In its broadest sense, discrimination just means recognising a difference between things, or people. In its more common sense, it is used to refer to treating someone differently because of differences which are probably irrelevant in context. For example, racial discrimination might include a tendency not to give people job interviews if they have names associated with black people; sex discrimination would include a tendency to promote men at the expense of equally qualified women. People are also known to discriminate based on class, religion, country of origin, politics, disability, age, appearance and sexual orientation - indeed, almost anything that makes anyone noticeably different.

As long as the basis of the discrimination is indeed irrelevant, it is not only unjust but also inefficient, objectively resulting in the wrong people attaining the best positions.

In the last half-century, great strides have been made towards reducing this sort of discrimination in English-speaking countries, and other parts of the world. Discriminatory laws have been repealed, and new laws have been introduced to ban sex or race discrimination in the workplace. In some places it is also illegal to discriminate based on religion, sexual orientation or gender identity. There is no doubt that these changes have made life very much better for people with characteristics that have historically attracted discrimination, and they have almost certainly been good for the economy at large, since they prevent people from making certain counter-productive economic decisions.

However, the fight for equality goes much deeper than just fighting against discrimination, because there is way more to privilege than that. On average, women are still paid far less than men, and blacks are still paid far less than whites, for reasons which can not entirely be blamed on discrimination as such. That is not to say those reasons are any good, or that discrimination is a thing of the past, but there is a lot more to the story.

Women in the UK and North America are now usually paid as much as men for identical jobs - however, the kinds of jobs that women do are overwhelmingly paid worse than the kinds of jobs that men do. The underlying reasons for this are undoubtedly partly sexist, many of them stemming from discriminatory education and conditioning, but they are also a facet of the general idiocy of our current economic system when it comes to fairly compensating worthwhile work. One aspect of this is that professions full of people who are motivated by something other than money and power, like a desire to help people, tend to be paid worse - even if they take more work and are valued at least as highly by other people. They also attract more women than professions with little going for them besides status and salary, presumably for cultural reasons.

The reasons for black people doing worse, economically, than their lighter-skinned peers have a great deal to do with inherited wealth - and its flipside, inherited poverty. If your ancestors were robbed, abused and kept down by the ruling class, and you live in an economic system where people are far, far likelier to do well if their parents were well-to-do, you are going to start with a major disadvantage in life, whatever people think about your skin colour. For this reason, the fight against racism, like the closely related fight for equality among castes in India, has considerable overlap with the fight against classism. Capitalism and inheritance are enormous barriers to economic equality in all of these cases.

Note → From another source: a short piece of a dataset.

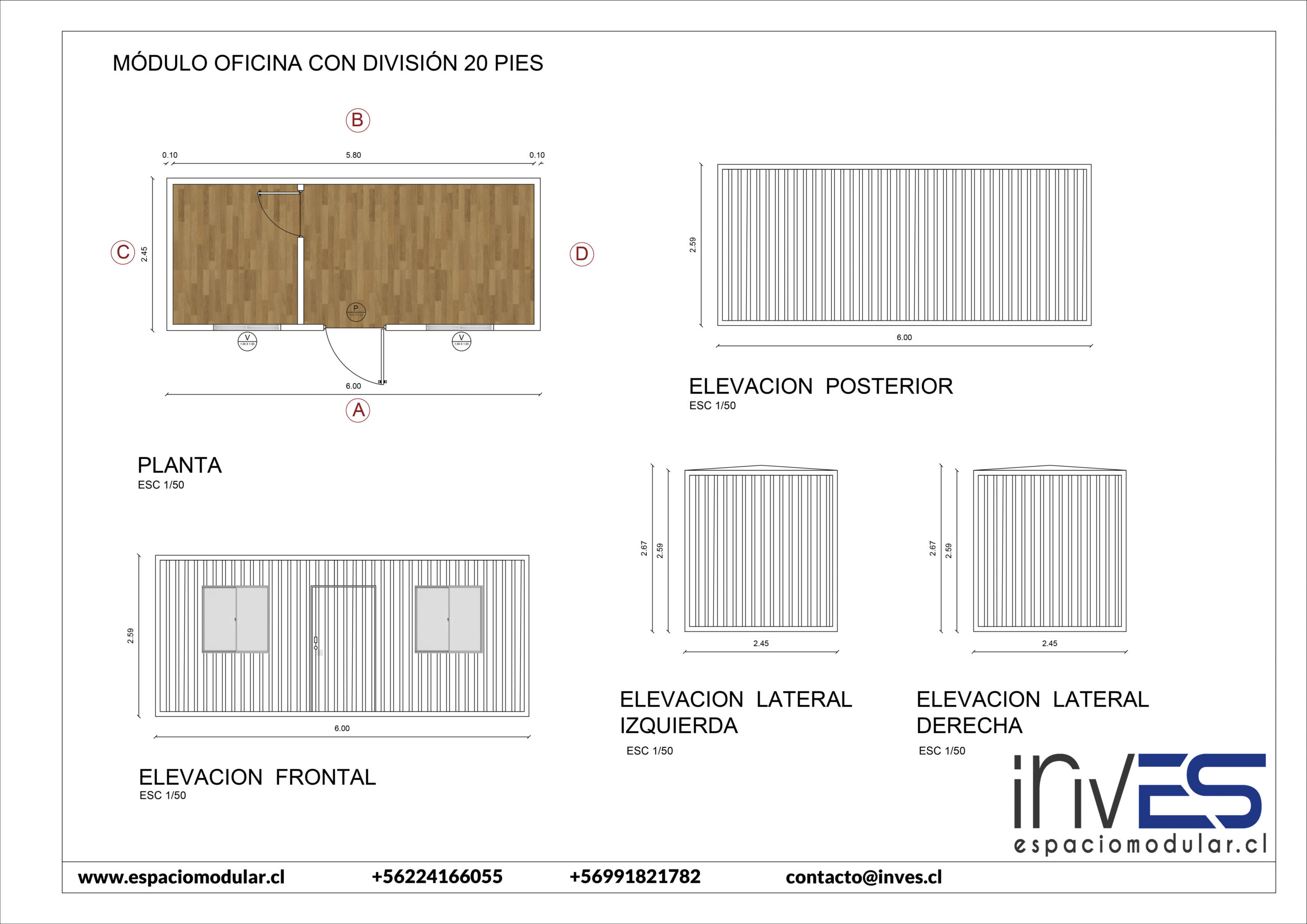 MÓDULO OFICINA CON DIVISIÓN 20 PIES

In short, there is a big difference between equality of opportunity and actual equality. This is why 'positive discrimination' has sometimes been encouraged in the workplace and in educational institutions: to give people a fair chance, you need to acknowledge the disadvantages they start out with. Once again, this can be argued in terms of efficiency as well as justice. If you are looking for intelligent people, and you know that equally intelligent kids are likely to do worse at school if they come from disadvantaged backgrounds, it makes sense to look more favourably on disadvantaged kids with equivalent qualifications. Positive discrimination of any sort runs a serious risk of fostering resentment, however, and the suspicion that someone only got to the position they are in because of their background.

The fight against discrimination carries on, and in much of the world it has hardly begun. The fight for equality has even further to go.